_Problem description_
Can you transcribe the data exactly? Leave the pictures out.

START Data extract

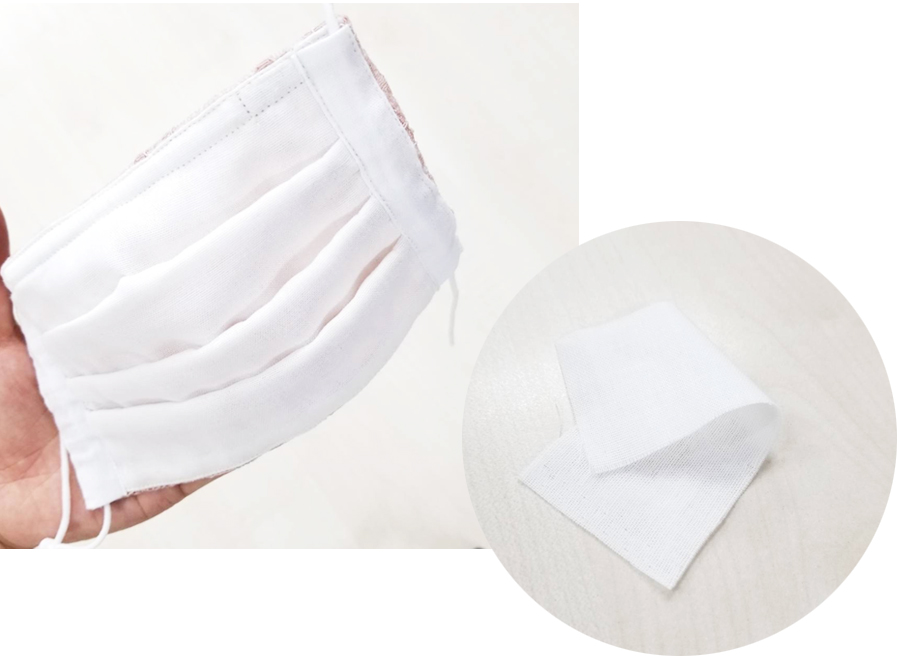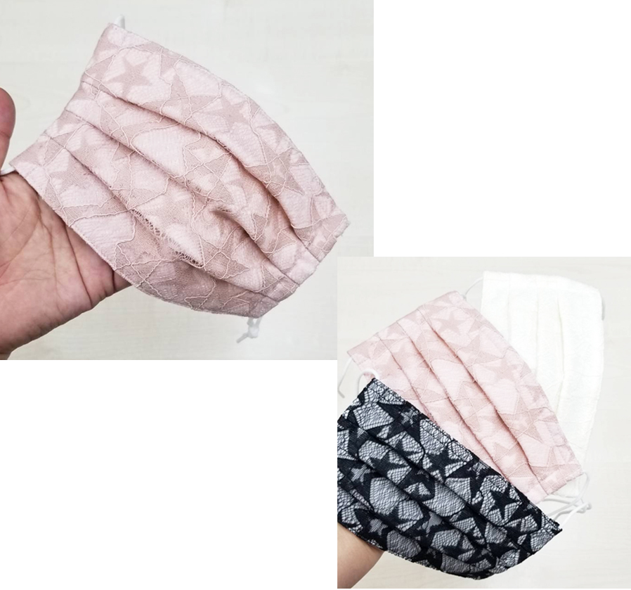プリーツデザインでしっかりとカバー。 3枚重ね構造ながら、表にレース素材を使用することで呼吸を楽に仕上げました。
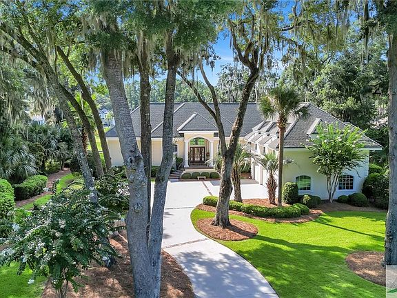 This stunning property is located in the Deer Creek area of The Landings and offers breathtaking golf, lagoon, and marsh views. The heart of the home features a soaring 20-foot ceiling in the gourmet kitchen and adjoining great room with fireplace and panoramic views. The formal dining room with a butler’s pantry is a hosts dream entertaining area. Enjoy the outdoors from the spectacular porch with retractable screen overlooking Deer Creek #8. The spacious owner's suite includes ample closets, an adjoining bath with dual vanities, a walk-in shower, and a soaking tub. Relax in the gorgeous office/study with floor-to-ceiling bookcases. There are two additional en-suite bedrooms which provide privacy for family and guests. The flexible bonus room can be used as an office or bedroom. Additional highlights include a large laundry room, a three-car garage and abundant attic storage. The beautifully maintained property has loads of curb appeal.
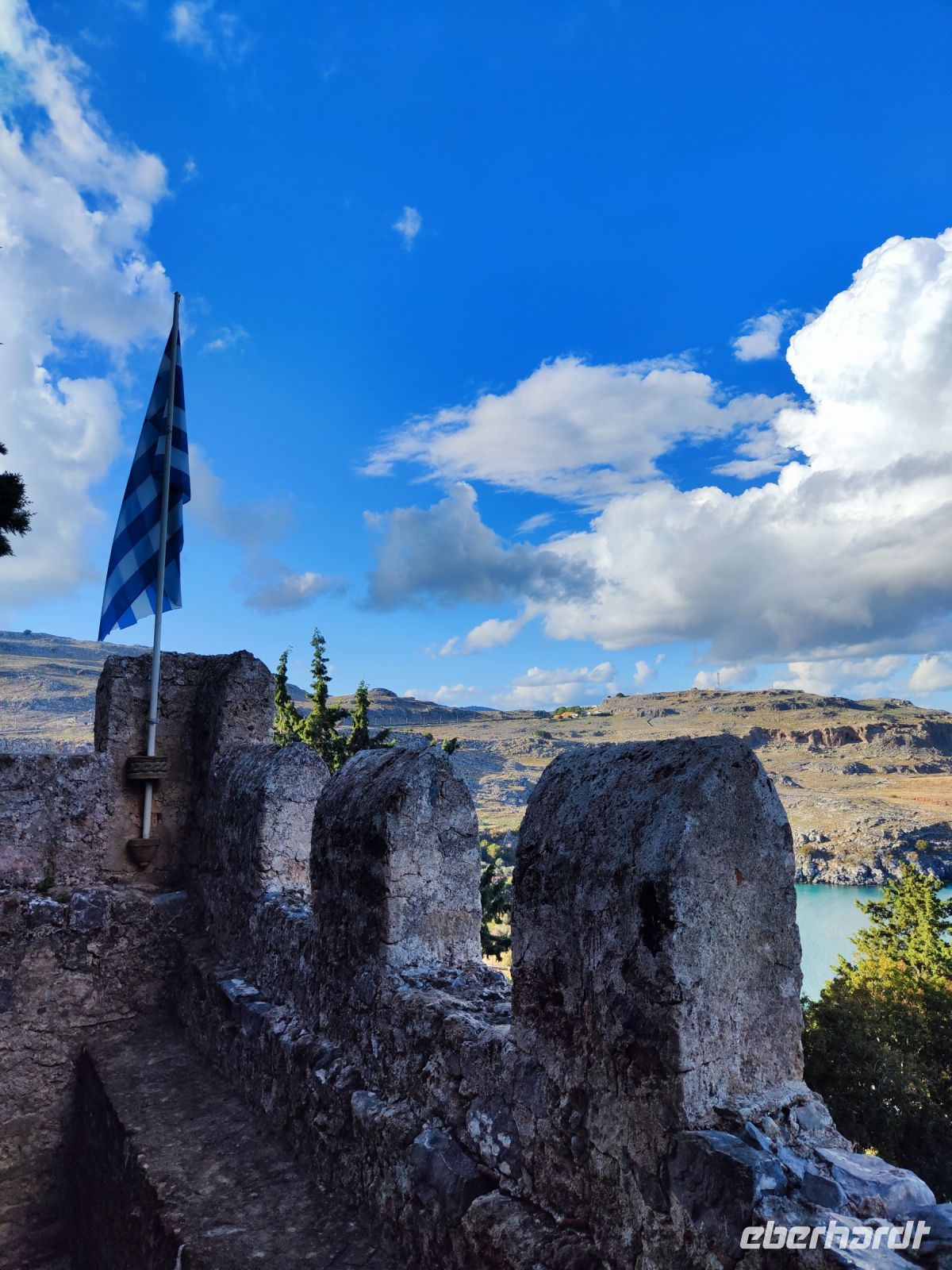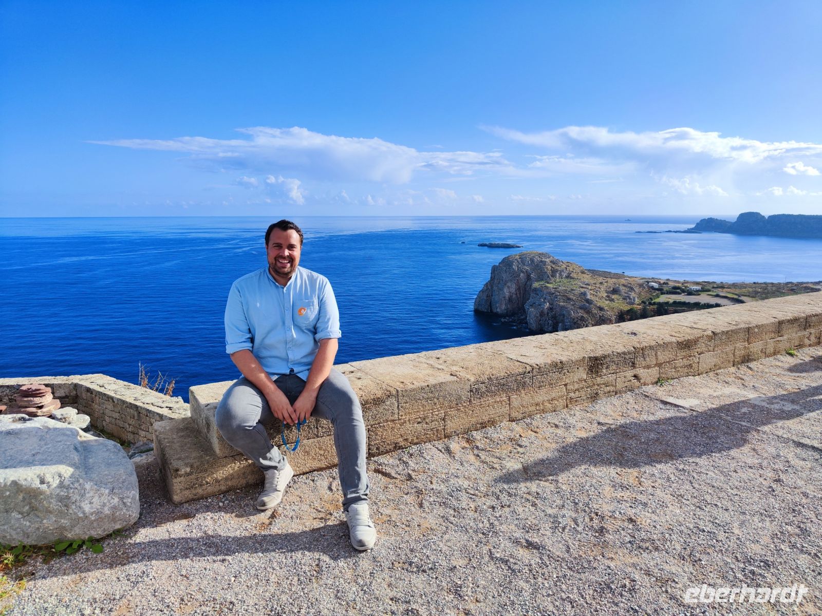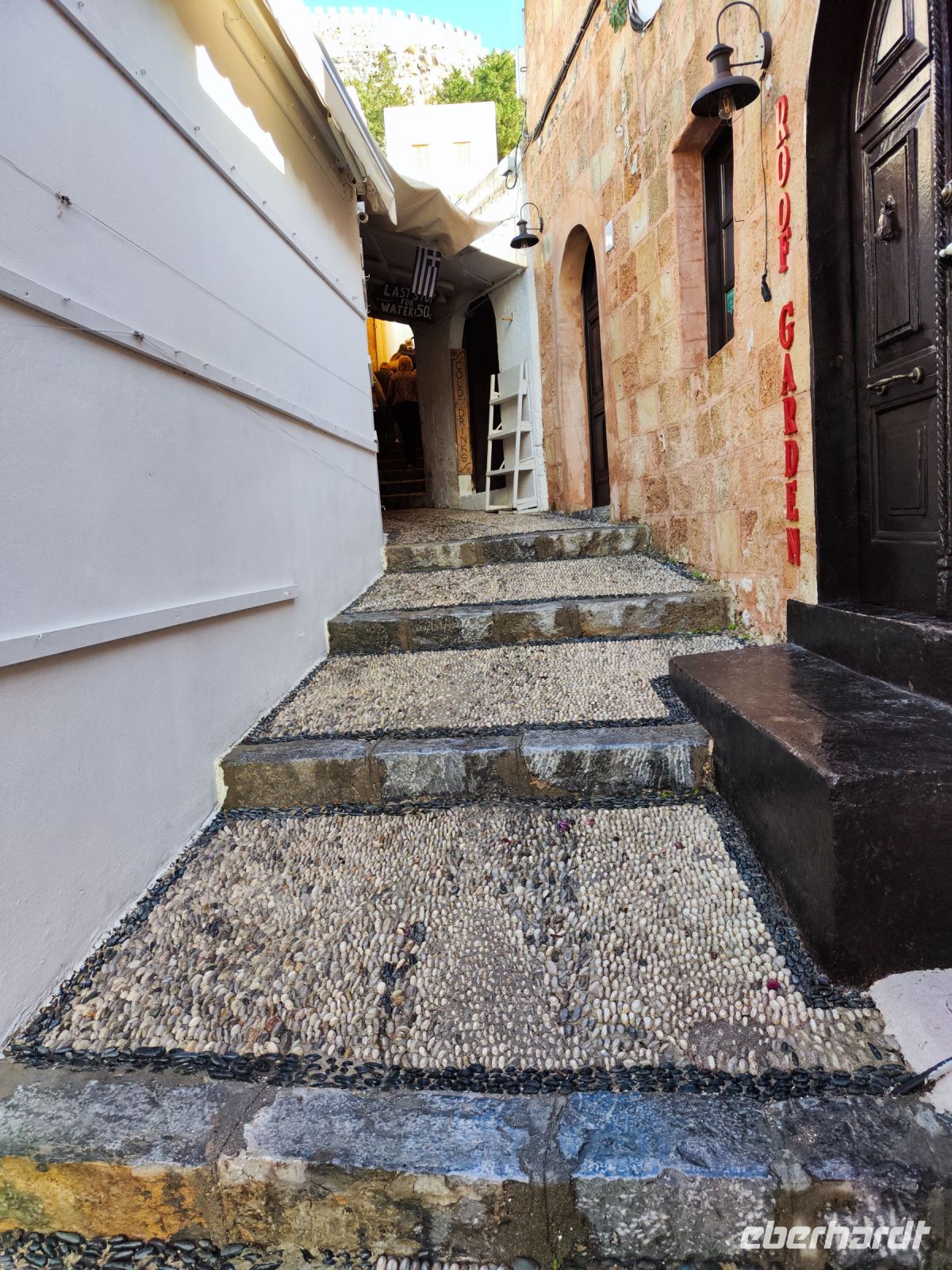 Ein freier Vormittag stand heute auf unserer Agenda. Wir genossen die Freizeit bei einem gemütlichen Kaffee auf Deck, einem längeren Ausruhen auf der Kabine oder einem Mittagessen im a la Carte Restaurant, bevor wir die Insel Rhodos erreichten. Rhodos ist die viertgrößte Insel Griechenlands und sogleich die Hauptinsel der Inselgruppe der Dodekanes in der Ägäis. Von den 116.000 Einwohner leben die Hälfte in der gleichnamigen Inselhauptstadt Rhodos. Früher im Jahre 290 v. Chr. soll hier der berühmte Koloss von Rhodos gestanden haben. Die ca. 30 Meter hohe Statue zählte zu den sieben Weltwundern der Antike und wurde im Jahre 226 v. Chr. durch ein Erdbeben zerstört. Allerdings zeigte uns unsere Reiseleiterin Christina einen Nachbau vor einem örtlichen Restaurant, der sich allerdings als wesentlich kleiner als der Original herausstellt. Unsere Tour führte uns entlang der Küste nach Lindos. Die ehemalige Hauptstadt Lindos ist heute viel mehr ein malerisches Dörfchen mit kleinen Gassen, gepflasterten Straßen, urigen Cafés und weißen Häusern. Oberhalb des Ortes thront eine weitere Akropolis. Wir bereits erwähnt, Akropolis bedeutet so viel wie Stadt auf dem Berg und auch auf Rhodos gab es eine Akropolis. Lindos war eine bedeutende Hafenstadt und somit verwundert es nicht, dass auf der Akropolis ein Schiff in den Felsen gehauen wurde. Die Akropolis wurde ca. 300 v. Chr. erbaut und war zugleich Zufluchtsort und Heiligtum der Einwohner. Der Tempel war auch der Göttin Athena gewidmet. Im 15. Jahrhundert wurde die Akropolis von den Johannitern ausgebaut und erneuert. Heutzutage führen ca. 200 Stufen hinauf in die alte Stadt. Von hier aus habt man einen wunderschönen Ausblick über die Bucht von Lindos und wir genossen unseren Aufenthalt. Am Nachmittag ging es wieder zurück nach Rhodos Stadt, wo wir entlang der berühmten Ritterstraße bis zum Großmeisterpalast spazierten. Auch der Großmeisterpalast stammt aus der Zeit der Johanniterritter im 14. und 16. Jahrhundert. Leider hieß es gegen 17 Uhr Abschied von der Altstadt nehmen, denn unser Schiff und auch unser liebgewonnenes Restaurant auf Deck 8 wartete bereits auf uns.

END Data extract

_Solution for this problem_
プリーツデザインでしっかりとカバー。 3枚重ね構造ながら、表にレース素材を使用することで呼吸を楽に仕上げました。
 This stunning property is located in the Deer Creek area of The Landings and offers breathtaking golf, lagoon, and marsh views. The heart of the home features a soaring 20-foot ceiling in the gourmet kitchen and adjoining great room with fireplace and panoramic views. The formal dining room with a butler’s pantry is a hosts dream entertaining area. Enjoy the outdoors from the spectacular porch with retractable screen overlooking Deer Creek #8. The spacious owner's suite includes ample closets, an adjoining bath with dual vanities, a walk-in shower, and a soaking tub. Relax in the gorgeous office/study with floor-to-ceiling bookcases. There are two additional en-suite bedrooms which provide privacy for family and guests. The flexible bonus room can be used as an office or bedroom. Additional highlights include a large laundry room, a three-car garage and abundant attic storage. The beautifully maintained property has loads of curb appeal.
 Ein freier Vormittag stand heute auf unserer Agenda. Wir genossen die Freizeit bei einem gemütlichen Kaffee auf Deck, einem längeren Ausruhen auf der Kabine oder einem Mittagessen im a la Carte Restaurant, bevor wir die Insel Rhodos erreichten. Rhodos ist die viertgrößte Insel Griechenlands und sogleich die Hauptinsel der Inselgruppe der Dodekanes in der Ägäis. Von den 116.000 Einwohner leben die Hälfte in der gleichnamigen Inselhauptstadt Rhodos. Früher im Jahre 290 v. Chr. soll hier der berühmte Koloss von Rhodos gestanden haben. Die ca. 30 Meter hohe Statue zählte zu den sieben Weltwundern der Antike und wurde im Jahre 226 v. Chr. durch ein Erdbeben zerstört. Allerdings zeigte uns unsere Reiseleiterin Christina einen Nachbau vor einem örtlichen Restaurant, der sich allerdings als wesentlich kleiner als der Original herausstellt. Unsere Tour führte uns entlang der Küste nach Lindos. Die ehemalige Hauptstadt Lindos ist heute viel mehr ein malerisches Dörfchen mit kleinen Gassen, gepflasterten Straßen, urigen Cafés und weißen Häusern. Oberhalb des Ortes thront eine weitere Akropolis. Wir bereits erwähnt, Akropolis bedeutet so viel wie Stadt auf dem Berg und auch auf Rhodos gab es eine Akropolis. Lindos war eine bedeutende Hafenstadt und somit verwundert es nicht, dass auf der Akropolis ein Schiff in den Felsen gehauen wurde. Die Akropolis wurde ca. 300 v. Chr. erbaut und war zugleich Zufluchtsort und Heiligtum der Einwohner. Der Tempel war auch der Göttin Athena gewidmet. Im 15. Jahrhundert wurde die Akropolis von den Johannitern ausgebaut und erneuert. Heutzutage führen ca. 200 Stufen hinauf in die alte Stadt. Von hier aus habt man einen wunderschönen Ausblick über die Bucht von Lindos und wir genossen unseren Aufenthalt. Am Nachmittag ging es wieder zurück nach Rhodos Stadt, wo wir entlang der berühmten Ritterstraße bis zum Großmeisterpalast spazierten. Auch der Großmeisterpalast stammt aus der Zeit der Johanniterritter im 14. und 16. Jahrhundert. Leider hieß es gegen 17 Uhr Abschied von der Altstadt nehmen, denn unser Schiff und auch unser liebgewonnenes Restaurant auf Deck 8 wartete bereits auf uns.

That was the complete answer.